- **Task statement**
The material below holds pictures, which are to be left out; copy exactly the lines from the one with "Nazywam się Kamil" through the one with "26日上午论坛开幕,外文学院".

- **Records provided**

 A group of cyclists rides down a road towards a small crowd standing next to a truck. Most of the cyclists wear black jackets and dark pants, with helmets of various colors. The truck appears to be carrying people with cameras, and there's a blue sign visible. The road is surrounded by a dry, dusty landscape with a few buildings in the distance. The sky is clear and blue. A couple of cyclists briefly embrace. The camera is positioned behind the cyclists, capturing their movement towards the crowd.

* * *

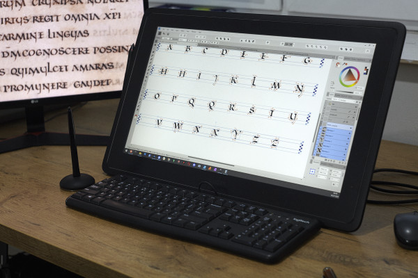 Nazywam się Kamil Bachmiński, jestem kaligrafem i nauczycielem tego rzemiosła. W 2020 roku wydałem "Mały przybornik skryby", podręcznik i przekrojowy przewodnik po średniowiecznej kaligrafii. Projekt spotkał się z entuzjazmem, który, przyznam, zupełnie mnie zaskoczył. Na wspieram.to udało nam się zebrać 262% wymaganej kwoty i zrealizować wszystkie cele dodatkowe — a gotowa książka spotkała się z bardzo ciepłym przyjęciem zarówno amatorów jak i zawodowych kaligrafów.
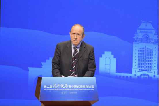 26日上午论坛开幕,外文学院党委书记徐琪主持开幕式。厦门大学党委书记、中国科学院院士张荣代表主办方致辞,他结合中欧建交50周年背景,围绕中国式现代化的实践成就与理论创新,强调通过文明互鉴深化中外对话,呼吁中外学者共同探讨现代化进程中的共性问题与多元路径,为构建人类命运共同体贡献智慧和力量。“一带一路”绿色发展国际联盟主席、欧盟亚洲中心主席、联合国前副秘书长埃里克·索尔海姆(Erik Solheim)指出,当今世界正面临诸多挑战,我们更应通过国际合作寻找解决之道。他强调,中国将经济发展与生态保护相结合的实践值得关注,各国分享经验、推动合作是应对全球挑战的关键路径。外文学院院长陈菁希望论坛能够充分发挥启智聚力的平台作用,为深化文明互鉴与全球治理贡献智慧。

- **Reply to the exercise**
 Nazywam się Kamil Bachmiński, jestem kaligrafem i nauczycielem tego rzemiosła. W 2020 roku wydałem "Mały przybornik skryby", podręcznik i przekrojowy przewodnik po średniowiecznej kaligrafii. Projekt spotkał się z entuzjazmem, który, przyznam, zupełnie mnie zaskoczył. Na wspieram.to udało nam się zebrać 262% wymaganej kwoty i zrealizować wszystkie cele dodatkowe — a gotowa książka spotkała się z bardzo ciepłym przyjęciem zarówno amatorów jak i zawodowych kaligrafów.
 26日上午论坛开幕,外文学院党委书记徐琪主持开幕式。厦门大学党委书记、中国科学院院士张荣代表主办方致辞,他结合中欧建交50周年背景,围绕中国式现代化的实践成就与理论创新,强调通过文明互鉴深化中外对话,呼吁中外学者共同探讨现代化进程中的共性问题与多元路径,为构建人类命运共同体贡献智慧和力量。“一带一路”绿色发展国际联盟主席、欧盟亚洲中心主席、联合国前副秘书长埃里克·索尔海姆(Erik Solheim)指出,当今世界正面临诸多挑战,我们更应通过国际合作寻找解决之道。他强调,中国将经济发展与生态保护相结合的实践值得关注,各国分享经验、推动合作是应对全球挑战的关键路径。外文学院院长陈菁希望论坛能够充分发挥启智聚力的平台作用,为深化文明互鉴与全球治理贡献智慧。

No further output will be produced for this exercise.